Отшаркавшись, она затворила дверь, но Мстишино блаженное расположение духа уже улетучилось. Она была недовольна и девчонкой, и собой. Попалась же, дурная, под руку, и как не вовремя! Мстиша попыталась вернуться к безмятежному созерцанию огня, но настроение уже было испорчено. Она неприязненно передернула плечами и встала.

Бережно сложенная рубашка лежала на меховом одеяле, и некоторое время Мстислава молча изучала ее. Когда-то она даже стирала ее собственными руками, но тогда и не догадывалась, что та собой представляет.

Мстислава холодно прищурилась и, поколебавшись мгновение, развернула рубашку. Приглядевшись, она рассмотрела различавшиеся по цвету куски сукна. Должно быть, княгиня надставляла рубашку с ростом Ратмира.

Мстислава вздохнула. Княжескому сыну не подобало носить это серое затертое полотно. Было неприятно и неловко смотреть на него, но не только потому, что ее мужу пристало бы вместо застиранной шерсти рядиться в шелк и тонкий лен. Нет. Мстиша могла сколько угодно гнать от себя назойливые думы, но от правды не скрыться. Это была волчья рубашка, и Мстислава с ужасом думала о том, сколько дней оставалось до полной луны.

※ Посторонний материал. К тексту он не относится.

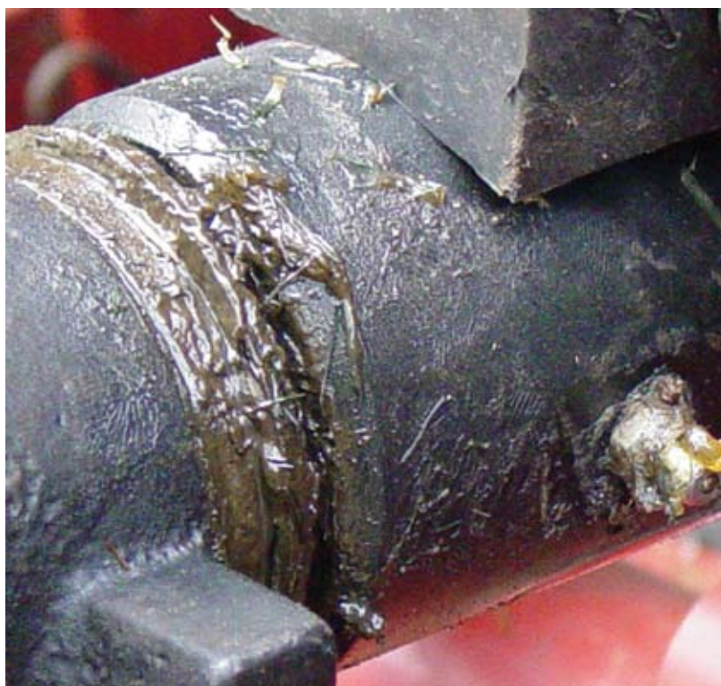
Vergeet na het afspreken nooit je machines op de juiste wijze door te smeren.

Именно эта мысль первой пришла ей в голову утром, едва Мстислава осталась одна. Именно она мучила и отравляла душу с самого первого дня после свадьбы. Мстиша любила Ратмира, но была ли она по-настоящему готова принять ту его сторону? Еще недавно у нее не было ни малейших сомнений, но нынче, когда страшная ночь становилась все ближе, ее охватывал трепет. И страх.

Не поторопилась ли она?

Нынче каждый вечер Мстиша глядела на небо, с беспокойством выискивая взглядом наливающееся зловещим белым блеском яблоко луны. Каждый вечер заламывала руки в тревожном ожидании.

А что, если это случится внезапно? Во сне? Что, если…

Мстислава отчаянно тряхнула заплетенными в две косы, но еще не убранными под кичку волосами, гоня предательский голос прочь из головы. И вдруг ее озарила мысль, шальная и внезапная. От возбуждения задрожали пальцы. Все ведь так просто! Или нет… Будет ли у нее другая возможность? И нынче, будто нарочно, Ратмир надел ту сорочку, что Мстислава подарила ему на свадьбу.

Не позволяя себе раздумывать, Мстиша быстро схватила рубашку и, скомкав, кинула в огонь. Если ее не станет, Ратмир не сможет оборачиваться. Ему не придется превращаться в зверя и покидать ее. Мстиша спасет его от проклятого волка, и Ратмир будет ей благодарен.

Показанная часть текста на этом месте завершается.